Sayın Belediye Başkanı Filiz Gencan Akın ve ekibinin 664. Kırkpınar Yağlı Güreş Festivali’ni en iyi şekilde organize etmek için çaba gösterdiğini gözlemliyorum. Bu çabanın yeterli olup olmadığını ise yine halkımız ve güreşseverler en doğru şekilde değerlendirecektir.
Tüm emeği geçenleri kutluyor, pehlivanlarımıza başarılar diliyorum.
Ancak un da var, yağ da… Lakin hâlâ o helvayı yapmayı öğrenemedik.
Kırkpınar Yağlı Güreş Festivali, olimpiyatlardan sonra sürdürülen en eski geleneksel bir spor etkinliği olmasının yanında asırlardır bu topraklarda yoğrulan bir belleğin ve millet hafızasında yer eden ortak bir ruhun yeniden canlandığı kültürel mirastır.
Edirne’nin fethedildiği gün başlayan bu tarihi geleneksel miras; efsaneye göre iki yiğit askerin girdikleri güreşi sonlandıramadan canlarını verdikleri mücadeleyle anlam kazanmıştır.

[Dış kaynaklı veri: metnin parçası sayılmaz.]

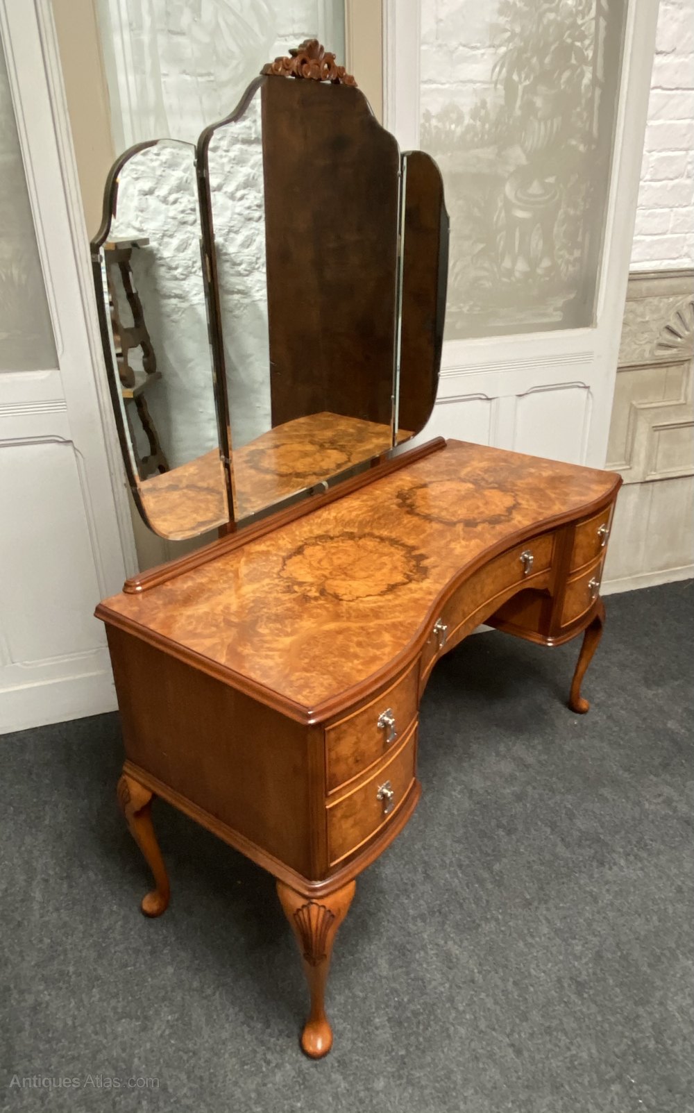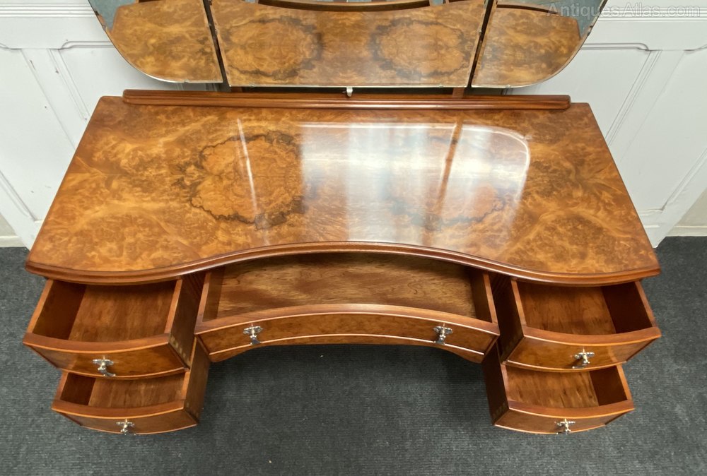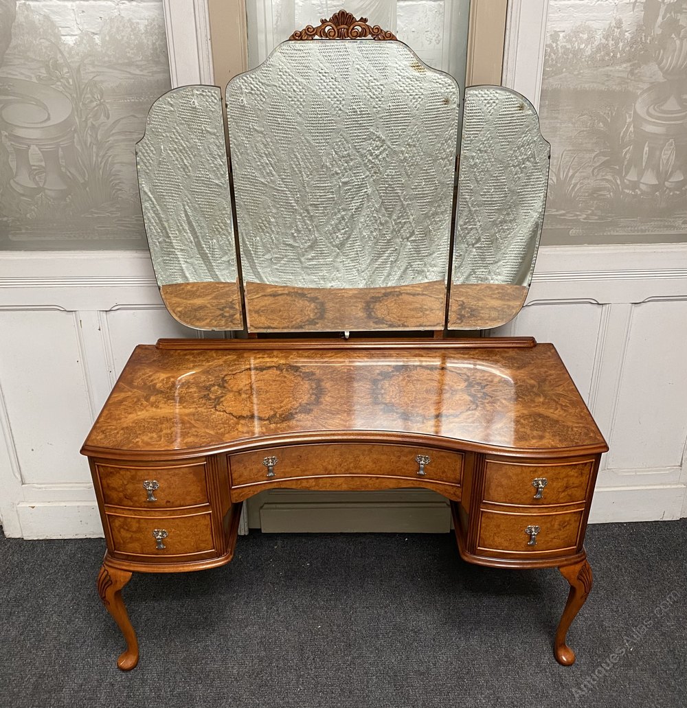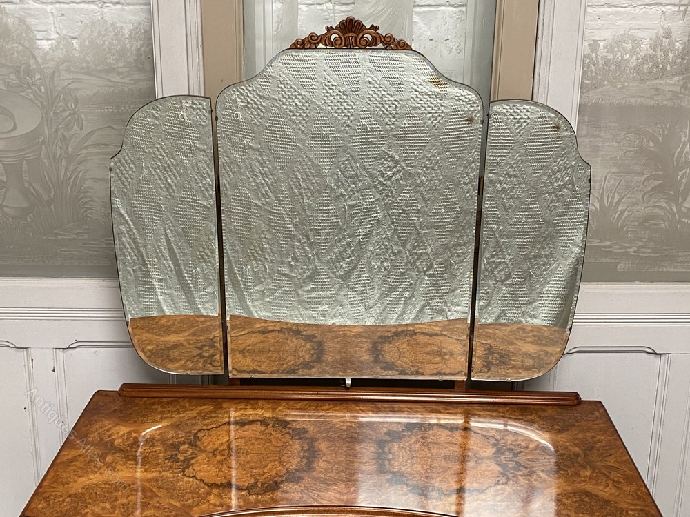 A lovely and stylish Burr Walnut Dressing Table. Queen Anne style and made from Walnut with nice tight Burr Walnut. All the drawers run smoothly fitted with the original handles. The 3 bevelled mirrors all move independently and are in great condition.

İşte bu yüzden, 664 yıldır devam eden Kırkpınar Yağlı Güreşleri, son bir asırdır Sarayiçi Er Meydanı’nda pehlivanların onurlu mücadelesine ev sahipliği yapmaktadır. Çınar ağaçlarının arasından esen rüzgârın taşıdığı tarihî sessizlik ise, güreş severlerin kalbinde Anadolu’dan Rumeli’ye uzanan o kutlu yolculuğun derin huzurunu hissettirir.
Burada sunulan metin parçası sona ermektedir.